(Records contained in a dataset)
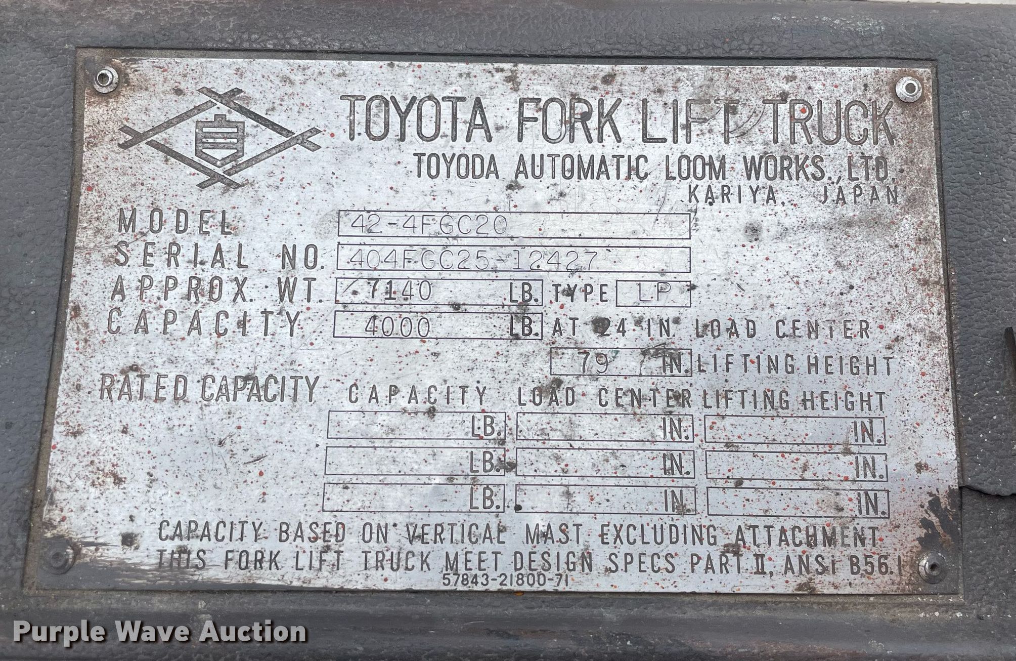 Purple Wave is selling a used Warehouse Forklift in Illinois. This item is a Toyota 42-4FGC20 forklift with the following: Hours: 8,425 on meter, Serial: 404FGC25-12427
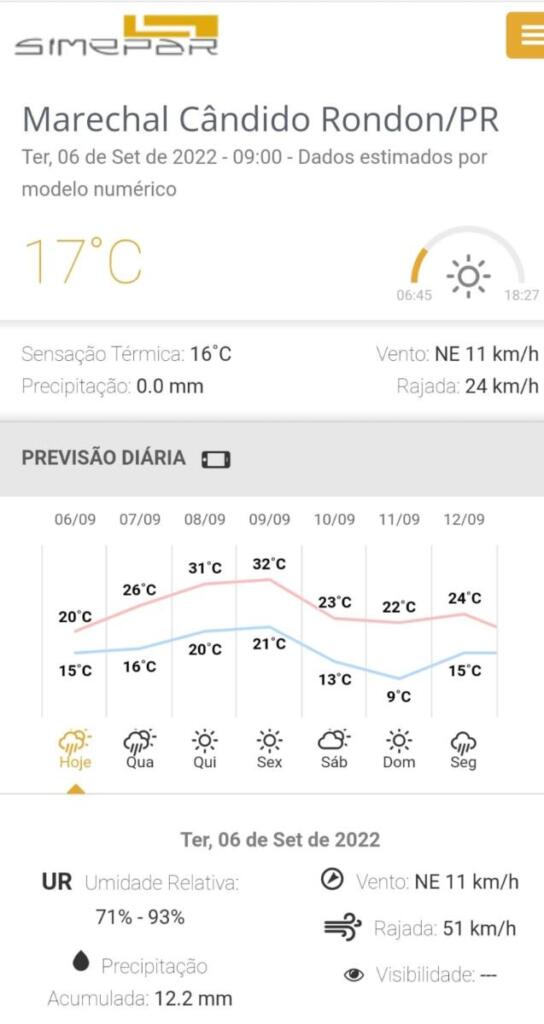 Confira a previsão do tempo para os próximos dias em Marechal Rondon, conforme o Simepar:
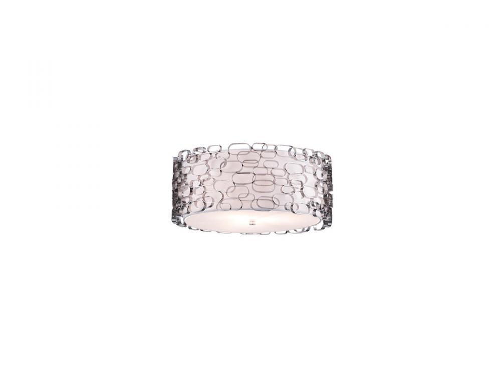 Inspired by the trend of pattern prints, bring in a modern focal point to your space with The Ventura Blvd. Collection round flush mount with its clean lines of hand crafted oval metal pattern over a beautiful ivory silk drum shade.
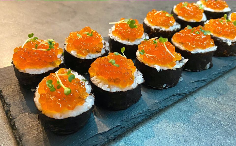 - Острым ножом нарезаем получившиеся роллы на порционные кусочки и сверху выкладываем красную икру, украшая микрозеленью.
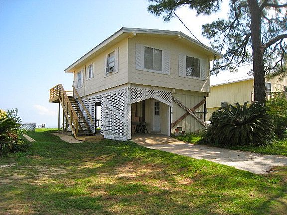 Impressive, Un-obstructed 180' Panoramic Bay View! Quiet, non-rental neighborhood. Across the street (Ft. Morgan Rd) from the Beach Club. Boat launch only 1/4 mile away.Large, open, waterfront yard. Downstairs bedroom and bath installed 2011. Upstairs is in good shape. Current rental, with repeat business.
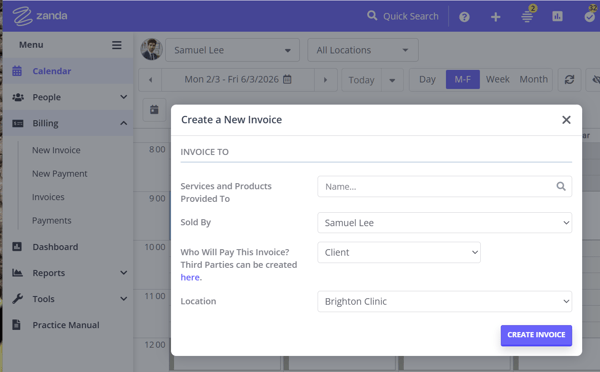 The Billing > New Invoice feature allows to create new invoices that are not linked with client appointments. This is how you will use this feature:
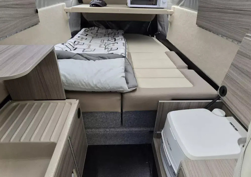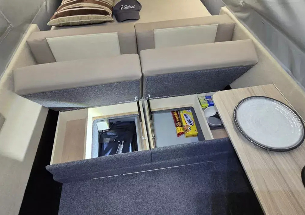 Dentro il Dashaway eCT si trova tutto ciò che serve per un weekend off-grid: un lavello con pompa elettrica e serbatoio da 10 litri, un piccolo frigorifero, e persino spazio per un WC portatile accessibile senza smontare il letto. L’alimentazione è garantita da una batteria al litio con inverter da 2.600 W e pannello solare da 200 W, che assicurano energia per almeno due giorni di campeggio autonomo.
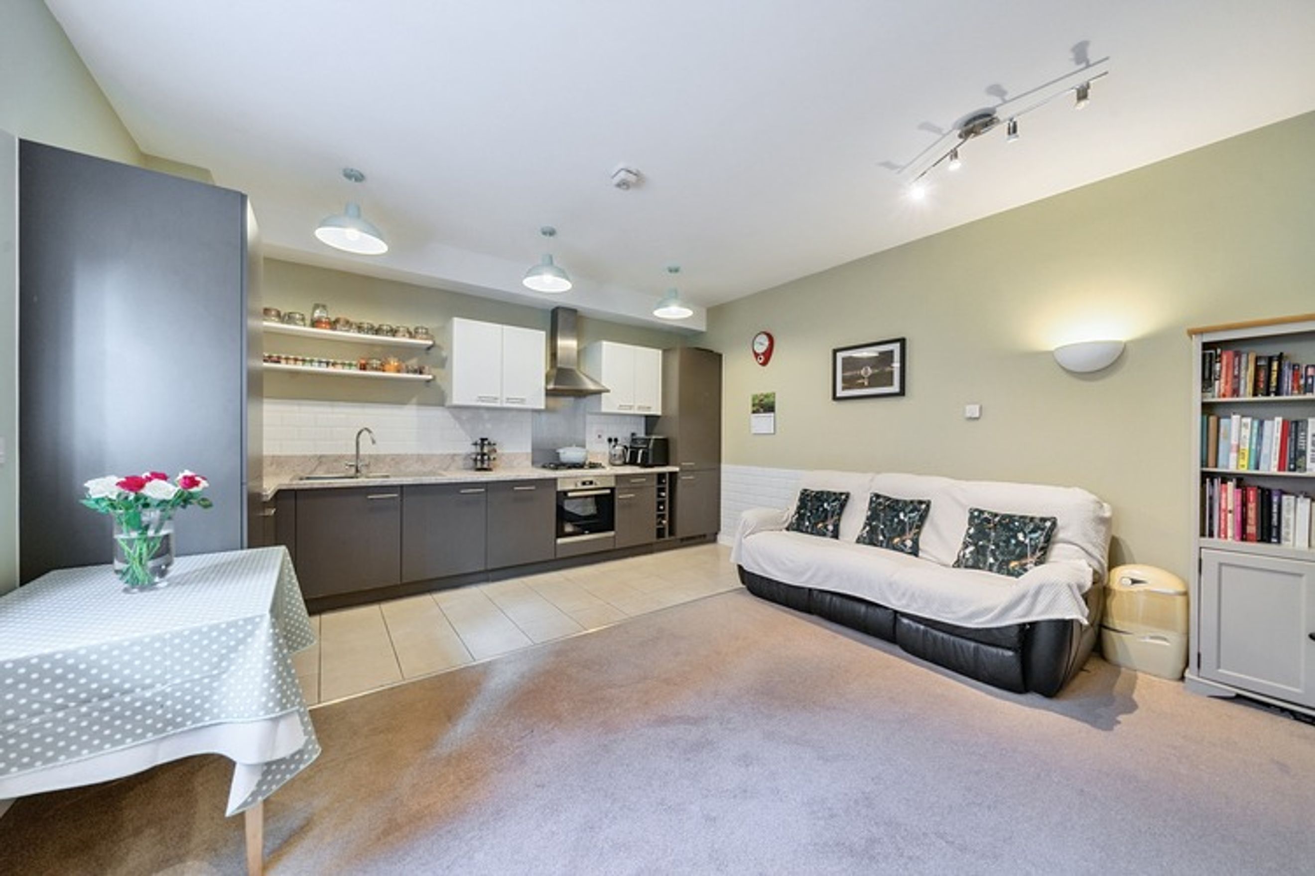 The ground-floor property is set in a well-maintained development. This bright, airy apartment offers a spacious, open-plan living area, boasting a modern kitchen, a generous double bedroom with built-in storage, and a sleek contemporary bathroom. High ceilings throughout the property.

What you have to do -
Could the entries be output exactly as written, but without their images?

Task solution -
 Purple Wave is selling a used Warehouse Forklift in Illinois. This item is a Toyota 42-4FGC20 forklift with the following: Hours: 8,425 on meter, Serial: 404FGC25-12427
 Confira a previsão do tempo para os próximos dias em Marechal Rondon, conforme o Simepar:
 Inspired by the trend of pattern prints, bring in a modern focal point to your space with The Ventura Blvd. Collection round flush mount with its clean lines of hand crafted oval metal pattern over a beautiful ivory silk drum shade.
 - Острым ножом нарезаем получившиеся роллы на порционные кусочки и сверху выкладываем красную икру, украшая микрозеленью.
 Impressive, Un-obstructed 180' Panoramic Bay View! Quiet, non-rental neighborhood. Across the street (Ft. Morgan Rd) from the Beach Club. Boat launch only 1/4 mile away.Large, open, waterfront yard. Downstairs bedroom and bath installed 2011. Upstairs is in good shape. Current rental, with repeat business.
 The Billing > New Invoice feature allows to create new invoices that are not linked with client appointments. This is how you will use this feature:
 Dentro il Dashaway eCT si trova tutto ciò che serve per un weekend off-grid: un lavello con pompa elettrica e serbatoio da 10 litri, un piccolo frigorifero, e persino spazio per un WC portatile accessibile senza smontare il letto. L’alimentazione è garantita da una batteria al litio con inverter da 2.600 W e pannello solare da 200 W, che assicurano energia per almeno due giorni di campeggio autonomo.
 The ground-floor property is set in a well-maintained development. This bright, airy apartment offers a spacious, open-plan living area, boasting a modern kitchen, a generous double bedroom with built-in storage, and a sleek contemporary bathroom. High ceilings throughout the property.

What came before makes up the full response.